What does the physical distance between us mean?

Reaction Bubble is an installation that includes custom electronics, video, ceramic sculpture, and choreography, and this presentation is the culmination of a four-year collaboration. The artists who worked together to create Reaction Bubble are the team of LoVid (Tali Hinkis and Kyle Lapidus), choreographer Deborah Goffe and ceramicist Matthew Towers. Real Art Ways introduced the artists to each other in 2012.

Dance Performance
Dancers interact with the Reaction Bubble installation and each other as they explore the impact and significance of Public Space, Social Space, Personal Space and Intimate Space.

The performance is choreographed and performed by Deborah Goffe in collaboration with Safi Harriott, Rosanna Karabetsos, Kate Seethaler and Arien Wilkerson. Sound design by Deborah Goffe in collaboration with Arien Wilkerson, and with music by Kode9, Murcof, Julia Holter and Holly Herndon.

Panel Discussion
After the Dance Performance, LoVid (Tali Hinkis and Kyle Lapidus), Deborah Goffe and Matthew Towers will participate in a panel discussion moderated by Real Art Ways Visual Arts Coordinator, Neil Daigle-Orians and take questions from members.
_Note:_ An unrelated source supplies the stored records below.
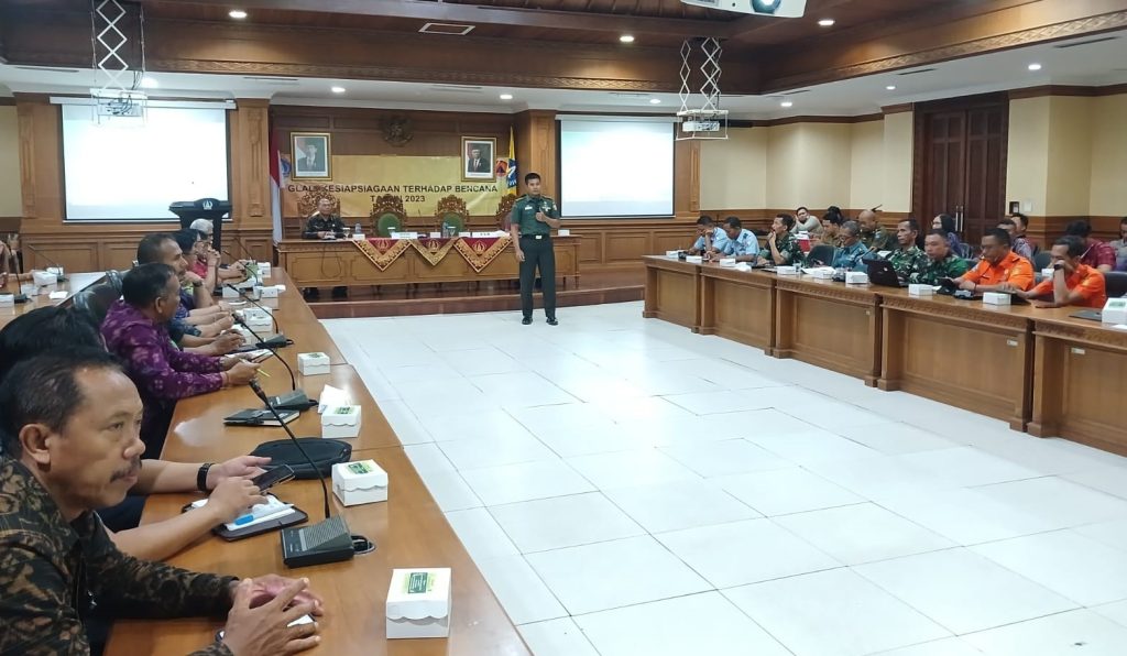BADUNG – Dandim 1611/Badung yang diwakili Wadanramil 1611-03/Kuta Kapten Czi Suharyono menghadiri kegiatan Gladi Kesiapsiagaan terhadap bencana tahun 2023 berupa Table Top Exercise (TTX).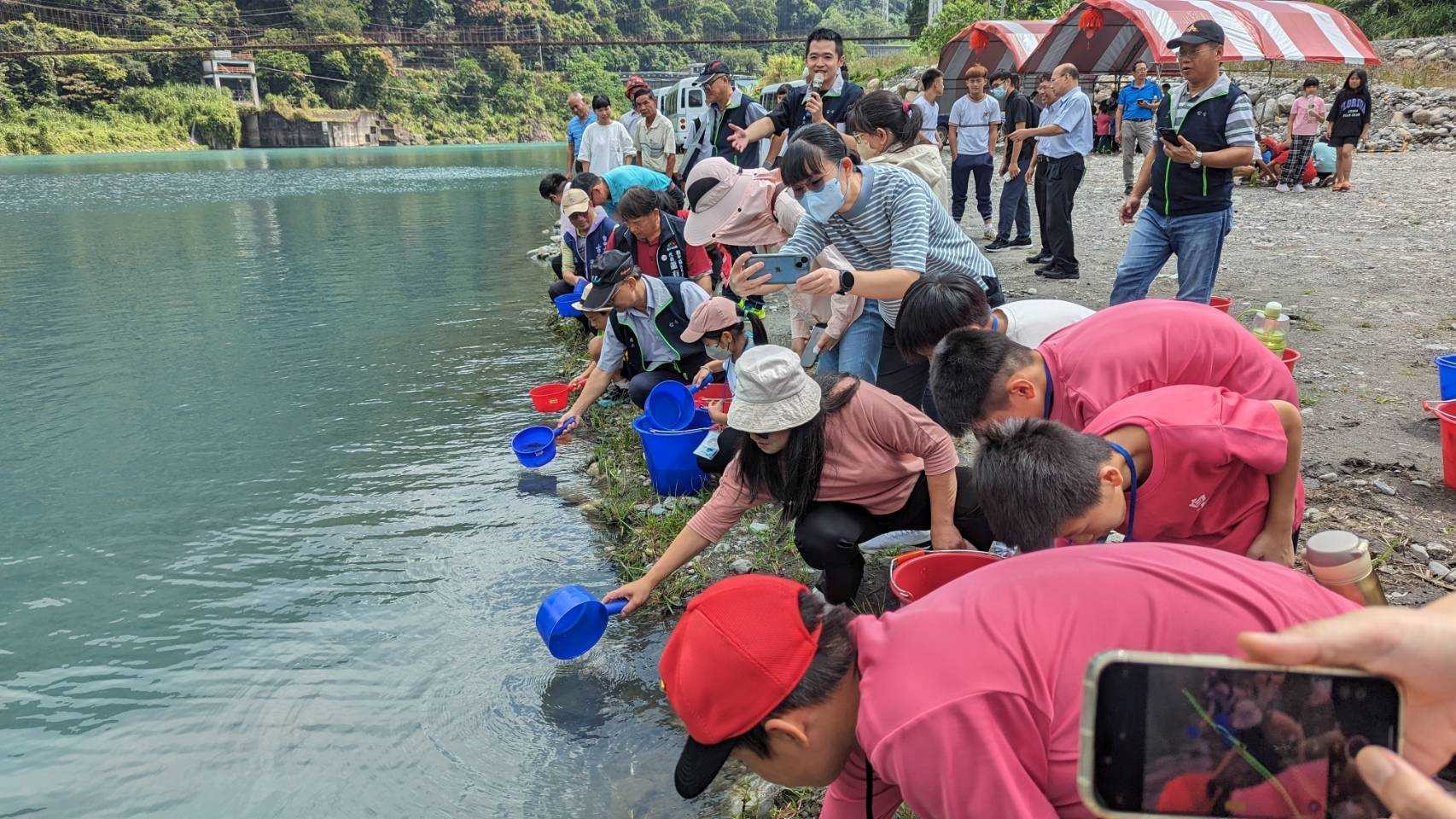 ▲ 大甲溪電廠年年邀請在地機關及學校學童共同參與魚苗放流活動。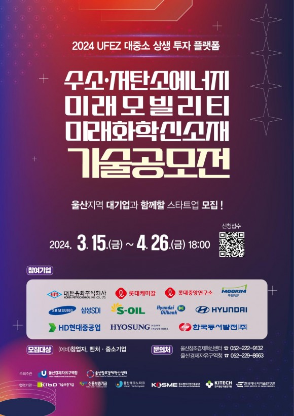 |  | | | ⓒ (주)영남도민일보 | | [영남도민일보] 영남도민일보 기자 = 울산경제자유구역청은 3월 15일부터 4월 26일까지 ‘2024년 울산경제자유구역(UFEZ) 대중소 상생 투자 기반(플랫폼) 공모전’을 개최한다고 밝혔다.
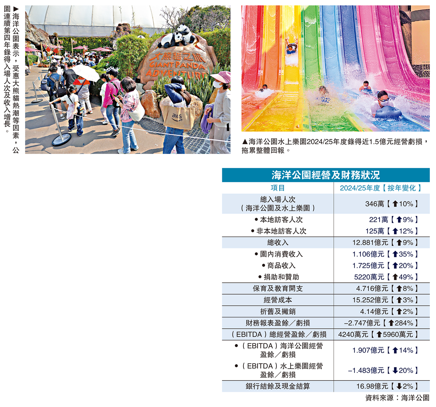 【大公報訊】記者鄭文迪、伍軒沛報道:海洋公園昨日公布2024/25年度業績,受惠訪港旅客上升及大熊貓效應,公園入場人次和收入連續四年上升,並錄得約4240萬元經營盈餘,但水上樂園持續虧蝕,加上折舊等減值回撥,上年度整體虧損擴大至超過2.7億元。有學者認為,海洋公園成功抓住了大熊貓商機,惟近年市場變化大,園方需密切留意市場變化,適時作出調整;至於持續出現虧損的水上樂園,建議多搞不同活動,例如水上演唱會或其他聯乘活動,豐富遊客體驗。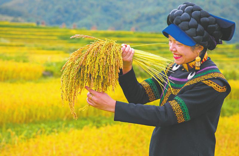 春种一粒粟,秋收万颗子。甘孜州甘孜县,金穗压弯青稞秆,风吹麦浪谷满仓,一台台收割机发出幸福的轰鸣;凉山州盐源县,彝族阿妈把收割的苦荞捆成一堆堆荞垛,喜笑颜开;宜宾市兴文县,苗族小哥望着金黄的稻田,动情唱响《美丽的石海》……不同地域,各族群众共享同一份丰收的喜悦。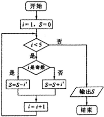 分析:分析程序中各变量、各语句的作用,再根据流程图所示的顺序,可知:该程序的作用是利用循环判断i是否为奇数求出S的值,并输出最后的S值.
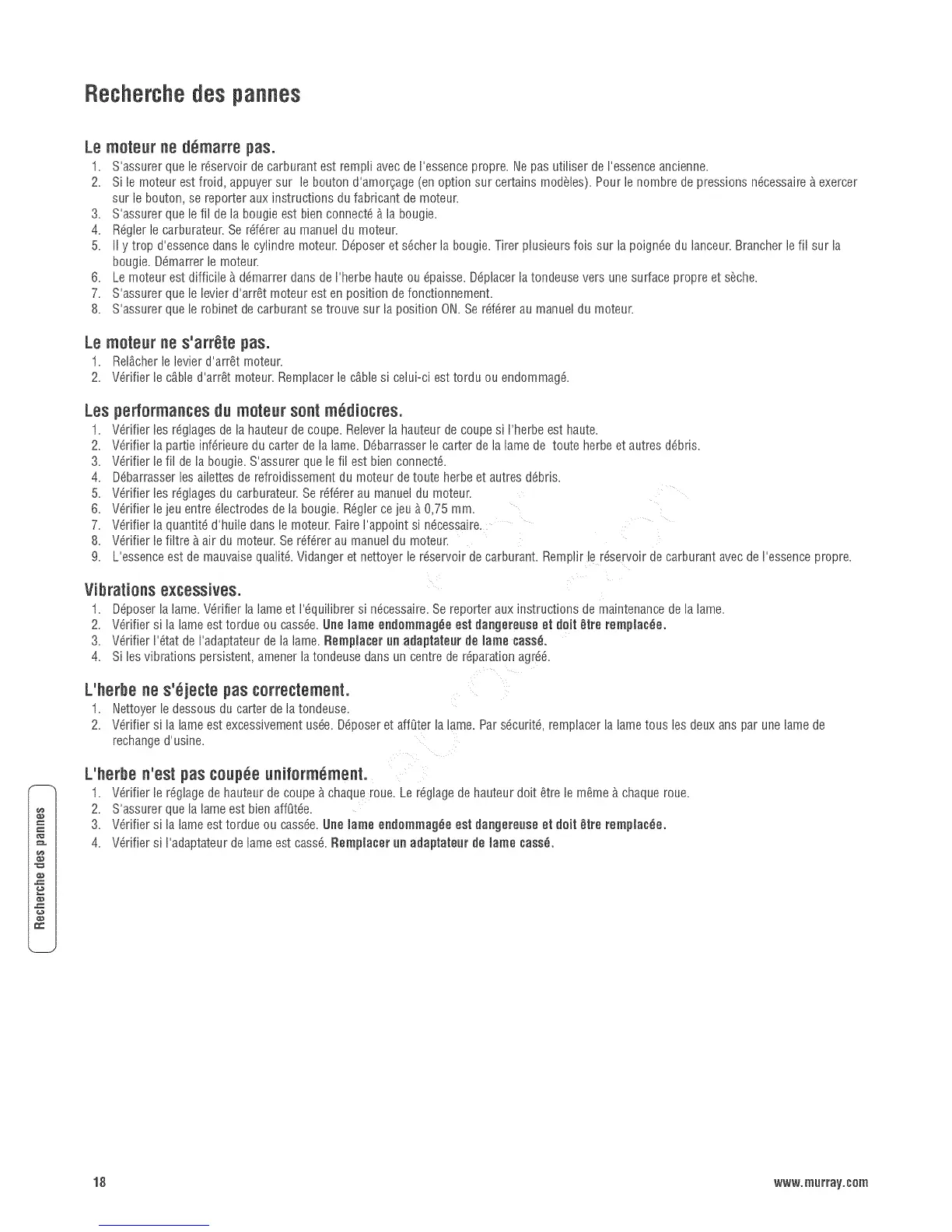 6= Le moteurest difficile _.ddmarrerdans deI'herbehauteou 6paisse.Ddpiacerla tondeusevers unesurfacepropreet seche=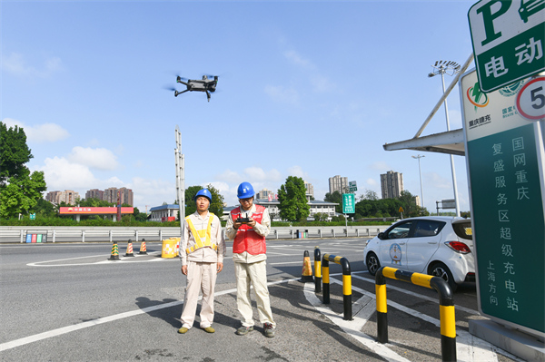 9月24日,运维人员使用无人机对复盛高速公路服务区充电站涉及的相关线路进行外破巡视。(冯胜岚 摄)
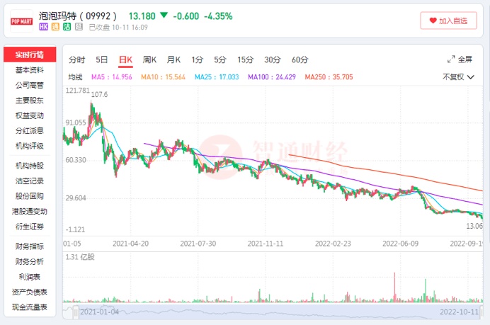 10月11日,被称为中国“盲盒第一股”的泡泡玛特(09992)股价又创历史新低,一度跌至13.06港元/股,跌5.67%,截至收盘报收13.18港元/股,最新市值仅181.96亿港元。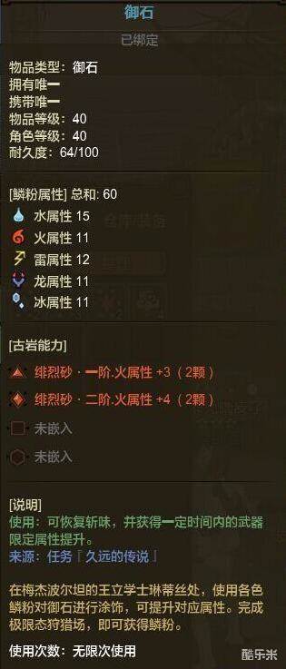 今天带来的是极限攻略路线与御石成长测试,御石的属性总和会在20、40、60发生颜色的变化,对应的是绿色,粉色,蓝色,每个单属性成长的等级需要的鳞粉都是一样的。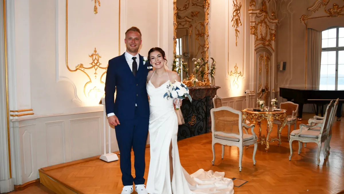 Brautpaar steht vor einem Kamin in einem prunkvollen, barock dekorierten Raum auf der Insel Mainau; die Frau trägt ein weißes Brautkleid mit Blumenstrauß, der Mann einen blauen Anzug. Im Hintergrund sind vergoldete Verzierungen, ein Spiegel, Möbel und ein Flügel zu sehen.
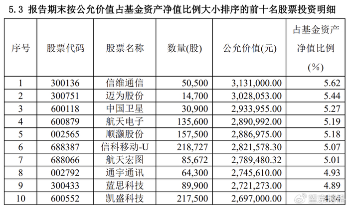 近一年回报为48.92%,从其(最新)四季报披露的前十大持仓来看,投资方向为商业航天产业链;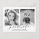 Unsere stilvollen "Now and Then" Foto Abschlussfeier Postkarten zeigen das Lieblings-Senior-Foto Ihres Absolventen (jetzt) sowie ein Baby- oder Kleinkind-Foto (dann). Ändern Sie die Jahre unter jedem Foto, um das Jahr des Abschlusses und das Geburtsjahr (oder das Foto des Jahres) widerzuspiegeln. Die Einladungen der modernen Graduiertenparty zeigen den "Graduierten" in einem eleganten Script-Schriftart mit dem Namen, dem Namen der Schule und dem Unterrichtsjahr unten. Die Postkarte kehrt um, um Ihre Rücksendeadresse und Graduiertengruppendetails anzuzeigen.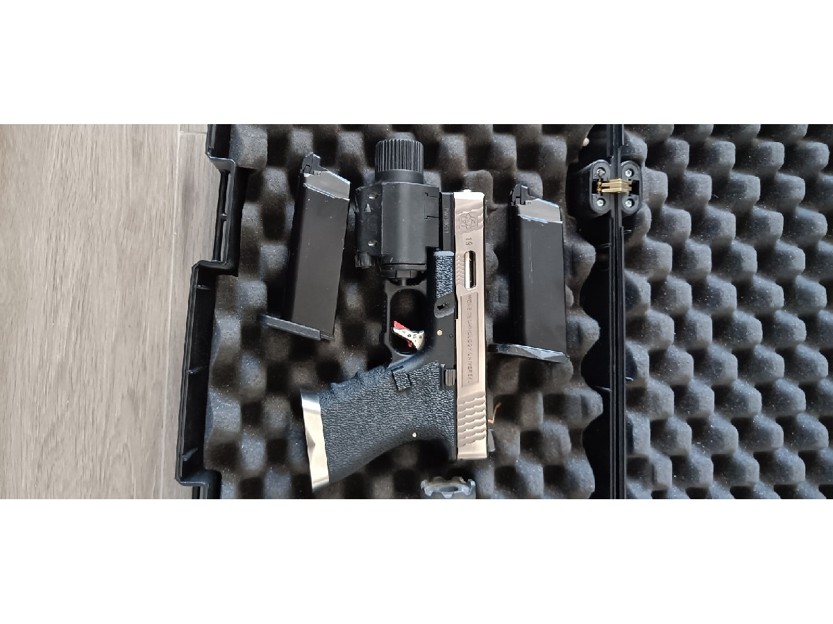 - Glock 19 (necesita arreglo, falta de potencia) + 2 cargadores de gas+ linterna+laser+funda rígida.

Free for Members and their Guests
Please RSVP to Amanda Baker at this link with the number of people attending.

The project received major support from The Robert Rauschenberg Foundation. Important funders include the Edward C. and Ann T. Roberts Foundation, the J. Walton Bissell Foundation and the National Endowment for the Arts.

About the Choreographic Team

Deborah Goffe is a performer, choreographer, dance educator, performance curator, and intermittent video artist. She is founder of Scapegoat Garden, a Connecticut-based collaborative dance theater, driven to create compelling, interdisciplinary performance that goes in through the nose, eyes, skin, ears and mouth to stir those who witness or participate. Scapegoat Garden strives to forge relationships between artists and communities, helping people see, create and contribute to a greater vision of ourselves, each other, and the places we call home. Deborah holds a BFA in Modern Dance from the University of the Arts School of Dance in Philadelphia, Pennsylvania and an MFA in Dance Performance and Choreography from California Institute of the Arts. Since Scapegoat Garden’s founding, Deborah has been devoted to the revitalization of local dance eco-systems and the role of performance curation in such processes. To this end, she recently earned a Professional Certificate from Wesleyan University’s Institute for Curatorial Practice in Performance. She has been honored by the Connecticut Dance Alliance for Distinguished Achievement in Dance, and has received Artists Fellowship Grants from the Connecticut Office of the Arts, the Greater Hartford Arts Council, and the Surdna Foundation. Deborah has participated as New England Emerging Choreographer at the Bates Dance Festival in Lewiston, Maine and has served as a yearlong Artist-in-Residence at Billings Forge Community Works. As an educator, Deborah has taught dance and related courses in several institutions, including California Institute of the Arts, Wesleyan University, CulturArte—a youth arts summer residency program in Cape Verde, Africa, and currently serves as Assistant Professor of Modern/Contemporary Dance at Hampshire College in Amherst, Massachusetts where she is excited to expand her experience of dance and place in a new context.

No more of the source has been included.